How heavily does corruption weigh on the scales of true justice?

2007-12-13 00:12:47 · 4 answers · asked by Anonymous in Politics & Government Law Enforcement & Police

4 answers

Yes it certainly can and if the corruption goes unchecked it can a heavy influence on juries and the public trust in general.

There are several remedies to keep this thing from happening and to resolve corruption should it start. The agency should have its own internal affairs or professional standards unit that monitors things and answers complaints from the public. If the agency doesn't have this function or this function is corrupt; the state has an oversight group of some sort both for ethical concerns and for criminal corruption. If that should fail; there is also the federal government. The Department of Justice has the ability to oversee agencies that aren't doing a good job of doing their job.
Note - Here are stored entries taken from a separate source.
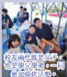
校友兩代既是父子，也是學兄學弟，一同參加燒烤活動。
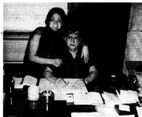
Carmelo Bene in una foto del 1996 con Luisa Viglietti

«Questi quattro giorni - spiega Liberovici - propongono una riflessione sulle nuove tecnologie, l'assaggio di un teatro nuovo che utilizza strumenti scientifici e attuali, declinando la rappresentazione agli aspetti della modernità».
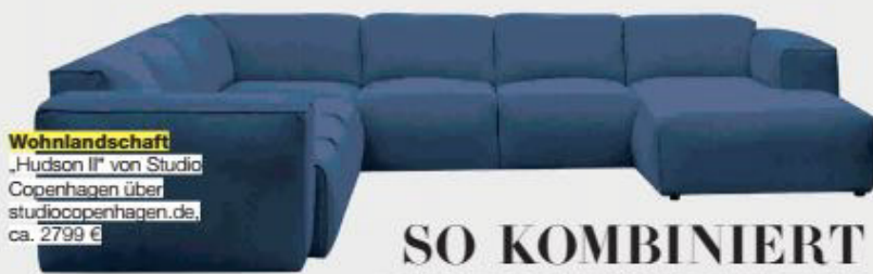
Wohnlandschaft „Hudson II“ von Studio Copenhagen über studiocopenhagen.de , ca. 2799 €

TEXTE: ANJIE FASHWAUER; FOTOS: FELIX FORBSTÄUWING/INSIDE (2), GETTY IMAGES (2), OCEANIC AGENCY, PR
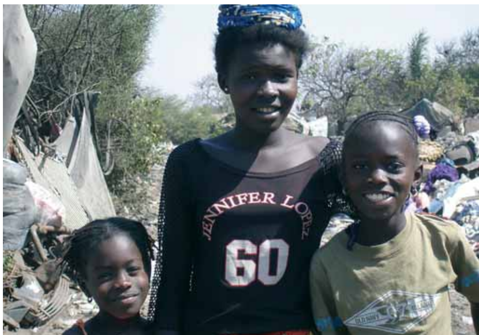
Objectif de Book Diom : améliorer les conditions de vie des membres à travers la mise en place d'activités socioéconomiques.

Le partenariat Autre Terre/Book Diom prend fin au terme de l'année 2007.
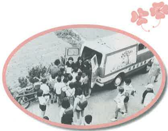
配本車での貸出サービス光景(昭和44年)

昭和44(1969)年6月には、「電話1本で本の出前！」をキャッチフレーズに、区内のすみずみにまで読書の機会を提供する配本車の活動が始まりました。区立図書館が2館しかない時代だったため、利用者にたいへん喜ばれました。
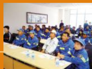
▲开展农民工技能培训
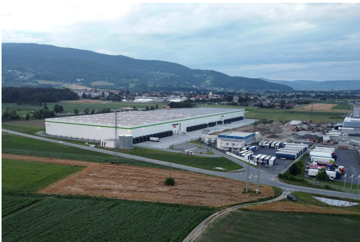
Slika 8. - Logistički centar u Mariboru

Zajednički rad gradske uprave, privatnih kompanija i drugih važnih sudionika od ključne je važnosti za Planove održive urbane mobilnosti. Osim što vlasti surađuju s tvrtkama za poboljšanje dostavnih uvjeta, važan aspekt je i poticanje održivog prijevoza za zaposlenike. Primjeri uključuju inicijative koje gradovi i tvrtke provode kako bi zaposlenike motivirali na korištenje bicikala, javnog prijevoza ili pješaćenja. Na primjer, neke tvrtke nude subvencije za javni prijevoz, organiziraju biciklističke kampanje ili nude infrastrukturu poput sigurnih parkirališta za bicikle. Ove mjere ne samo da smanjuju promet i emisije, već i poboljšavaju kvalitetu života i zdravlje građana, stvarajući održivije urbane sredine.
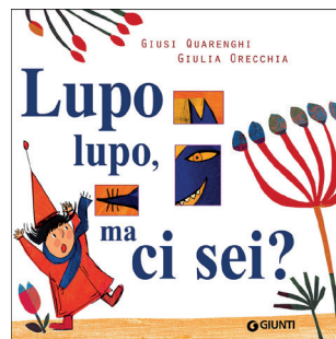
Lupo, lupo ma ci sei? Giusi Quarenghi, Giulia Orecchia Giunti Editore
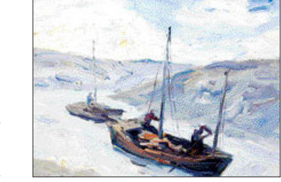
구상화를 추구한 오지호 화백의 '해경'
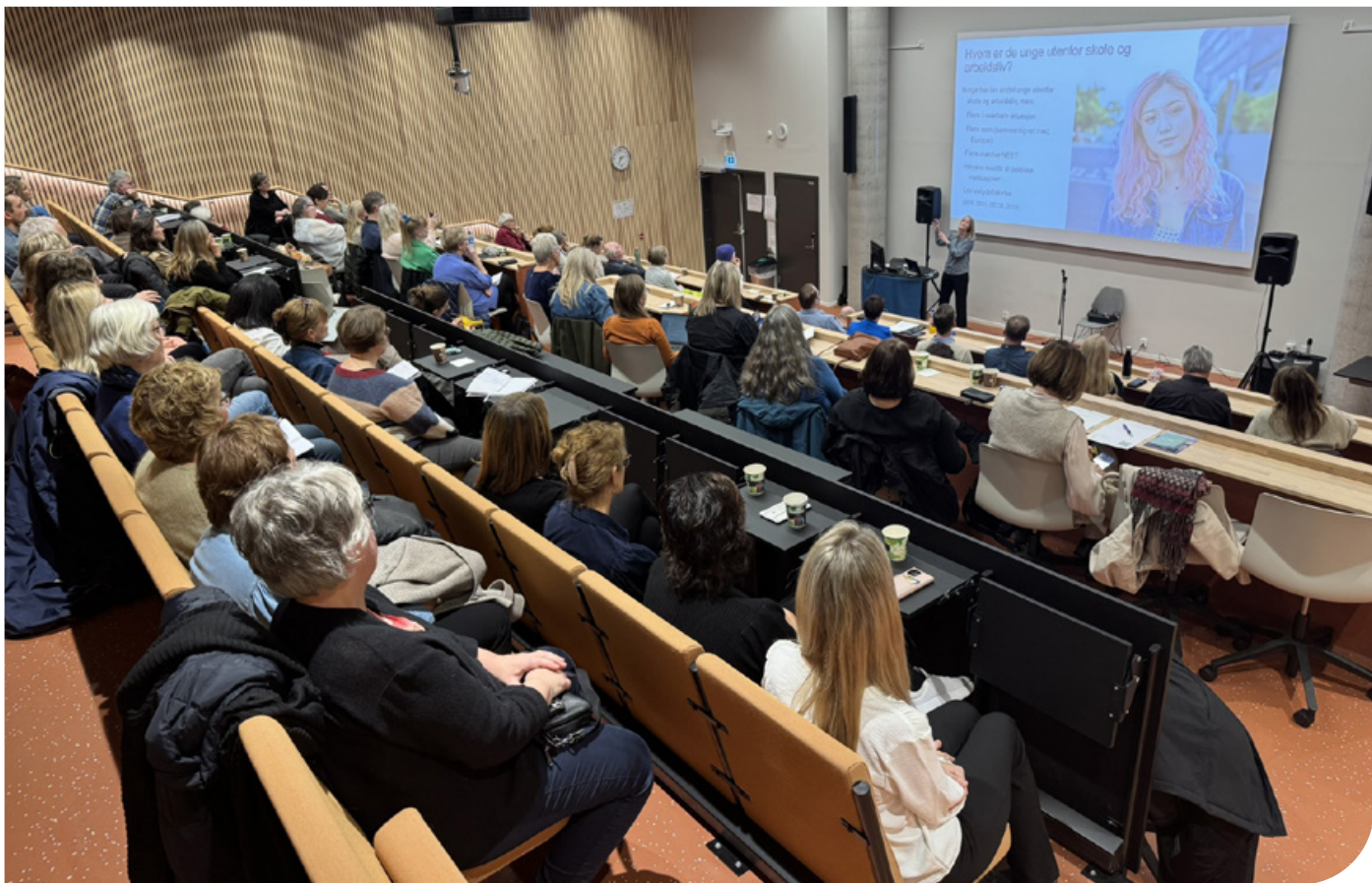
Nærmere 160 mennesker deltok på årets Diakonikonferanse.

– Det er likevel slik i Norge at vi har en lav andel unge utenfor skole og arbeidsliv, sa Fyhn.

Detroit Police came under federal oversight back in 2004 or 2005 for some problems it was having...I don't know if the oversight has yet been removed. Fulton County Sheriff's office (Atlanta) has been having a host of problems in the last couple of years with how it runs the jail. Also, the FBI can investigate civil rights violations committed by corrupt officers and other officials.

Regardless of how it gets resolved, it must be resolved and done so with a heavy hand. The public trust is priceless and cannot be compromised for anyone in any agency. Tarnished badges are unfit to see the light of day.

2007-12-13 03:08:02 · answer #1 · answered by taters_0 3 · 1 0

Yes, and there are two things a prosecutor's office must to do combat that problem.

First, they must prosecute and punish police misconduct. (True misconduct is kind of rare-- but every jerk who gets arrested will claim he was beaten or threatened or chained to a it bull or whatever... The trick for prosecutors is to separate the wheat from the chaff.)

Second, when conducting other trials, the prosecutors must use the jury selection process to try to select jurors who have no bias towards police one way or another...

These are the built-in checks and balances that should prevent both the appearance of and the actual occurrences of police misconduct.

2007-12-13 08:28:00 · answer #2 · answered by chocolahoma 7 · 1 0

most definitely, people will have lost trust for the police in that particular area. of course, even if this wasn't the case, there will always be bias in a jury, thats just life.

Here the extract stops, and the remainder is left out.